Она поднялась, тихонько постояла возле нескио, запоминая родные черты, и быстрым шагом направилась на главную городскую площадь, где были разбиты палатки монахинь. Едва она успела накинуть на себя рясу, как в палатку вошла сестра Инез.

— А, это ты! А мне показалось, что в палатку зашел какой-то мальчишка.

Агнесс покачала головой.

— Слушай, ты вся перепачкалась в крови! Можно подумать, ты участвовала в битве!

Агнесс усмехнулась.

— Да, можно подумать, хотя я только помогала укладывать раненых на повозки. Но пойдем к ним.

Они вышли из палатки. На площади на рассыпанной по земле соломе лежало несколько сот раненых. Некоторые молчали, глядя в небо стекленеющими глазами. Их время уходило.

— Где же Феррун? — с горечью воскликнула Агнесс. — Он так нужен здесь!

— Кто это такой? — удивилась Инез. — И как он может нам помочь?

Один из раненых укоризненно заметил:

— Это великий воин, сестра. Разве вы его не знаете?

— Слышала, Агнесс? Я — великий воин! А ты меня попрекаешь черт-те чем!

Агнесс стремительно обернулась. Позади нее в вольной позе стоял, уперев руку в пояс и отставив ногу, Феррун.

— Я никогда о тебе ничего плохого не говорила, неправда!

— Да? А чего ты полезла в самую гущу сражения, скажи мне на милость? Мне приходилось больше за тобой следить, чем сражаться! Если б не я, тебя раз пять могли просто зашибить, как котенка!

Сестра Инез с негодованием уставилась на Агнесс.

— Зачем ты мешала воинам, Агнесс?

Ферруну это не понравилось.

— Она не мешала, она сражалась. Она и сама уложила с десяток врагов. А вот что делала в это время ты? Безмятежно спала в своей постельке?

Предотвращая ссору, Агнесс поспешно спросила:

— Где твоя чудодейственная сажа, Феррун?

Тот с непроницаемым видом завернулся в плащ, делая вид, что не слышит.

— Феррун, давай будем спасать раненых! И я обещаю тебе, что после войны я сама поеду в замок и помогу тебе набрать этой твоей сажи.

Он расхохотался.

— Ладно, убедила! Она осталась в перемете моей лошади. Где она, кстати?

Он быстро пронесся мимо них и исчез с глаз долой. Сестра Инез сумрачно посмотрела на Агнесс.

— Как ты могла так себя уронить? Разве может женщина марать свои руки в крови? Наше дело молиться за спасение жизни! Женщина дарует жизнь, а не отнимает ее!

Агнесс вспыхнула.

— Вы считаете, что мы должны покорно смотреть, как умирают дорогие нашему сердцу мужчины?
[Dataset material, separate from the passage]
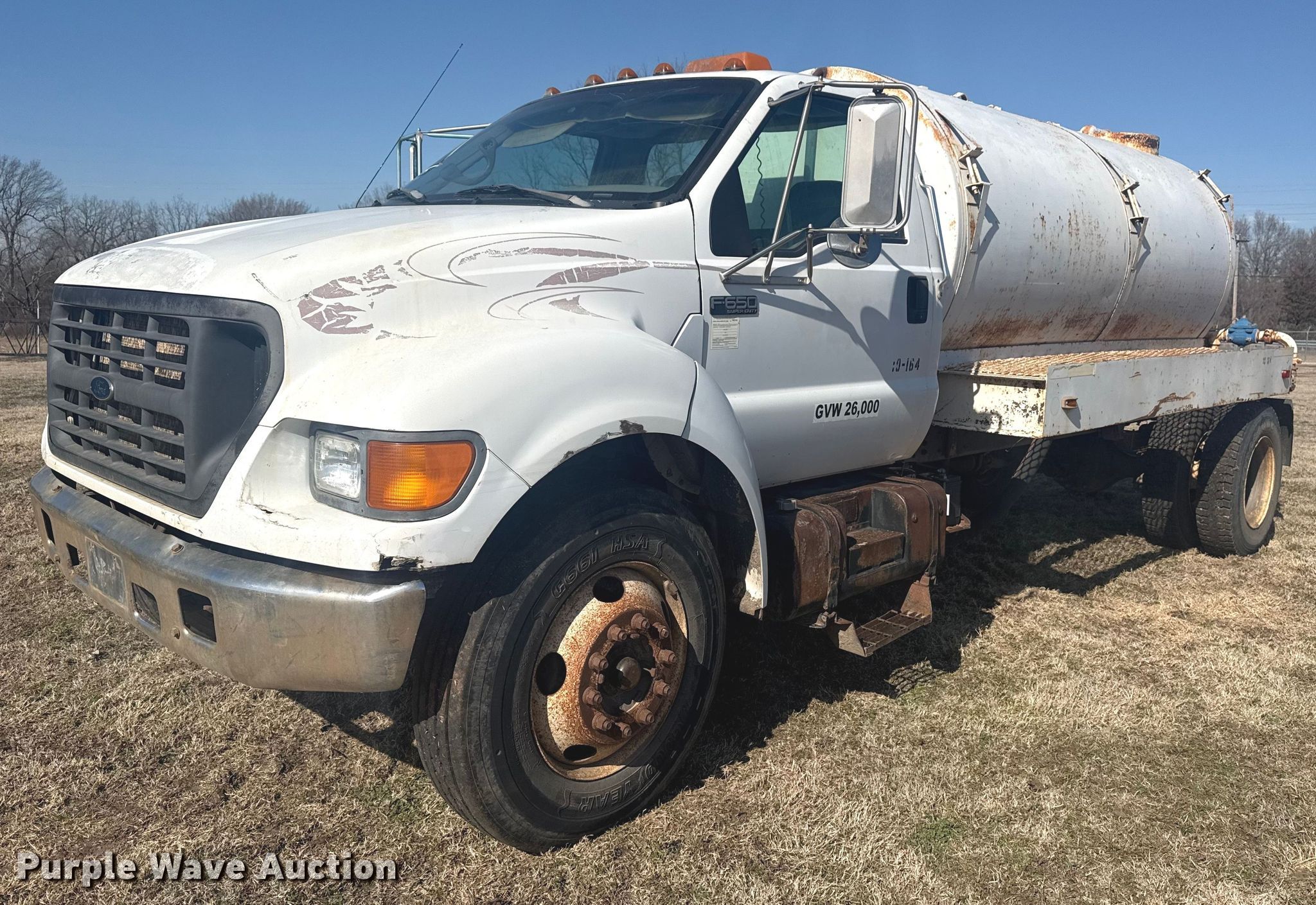 This 2000 Ford F650 Super Duty tank truck will sell to the highest bidder regardless of price.

Должны плакать и молиться? Похоже, вы ничего не понимаете в этой жизни, сестра! Наверное, вы слишком хорошо жили, раз так благодушествуете!

Она гордо прошла мимо отшатнувшейся от нее сестры Инез.
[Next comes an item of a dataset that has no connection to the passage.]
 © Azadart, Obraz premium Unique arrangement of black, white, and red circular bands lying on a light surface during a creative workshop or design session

Прибежал Феррун с горшком сажи. Сажи оставалось еще пол-горшка.

— Давай разводить, на всех ее не хватит, — и он окинул оценивающим взглядом лежащих на площади воинов.
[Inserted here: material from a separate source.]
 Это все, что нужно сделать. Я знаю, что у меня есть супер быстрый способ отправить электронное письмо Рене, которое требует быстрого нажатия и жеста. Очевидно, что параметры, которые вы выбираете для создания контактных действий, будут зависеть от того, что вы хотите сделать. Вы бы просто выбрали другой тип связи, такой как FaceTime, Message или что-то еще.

Агнесс показалось, что Феррун будто повзрослел на несколько лет. Что с ним случилось?

Она принесла ведро воды, и Феррун бросил в него пригоршню грязи.

— Ладно, пошли!

Они подошли к умирающему воину, раненному в живот. Сестра Инез поспешила к ним.

— Ни к чему мучить умирающего! Его рана смертельна! Ему нужен исповедник, а не шарлатаны вроде вас!

Феррун сказал сквозь зубы:

— Убирайся, глупая старуха, или я отхожу тебя плеткой! Терпеть не могу дур!

Сестра Инез приняла вызывающую позу.

— А ну, попробуй! — ей и в голову не пришло, что кто-то посмеет выполнить подобную угрозу.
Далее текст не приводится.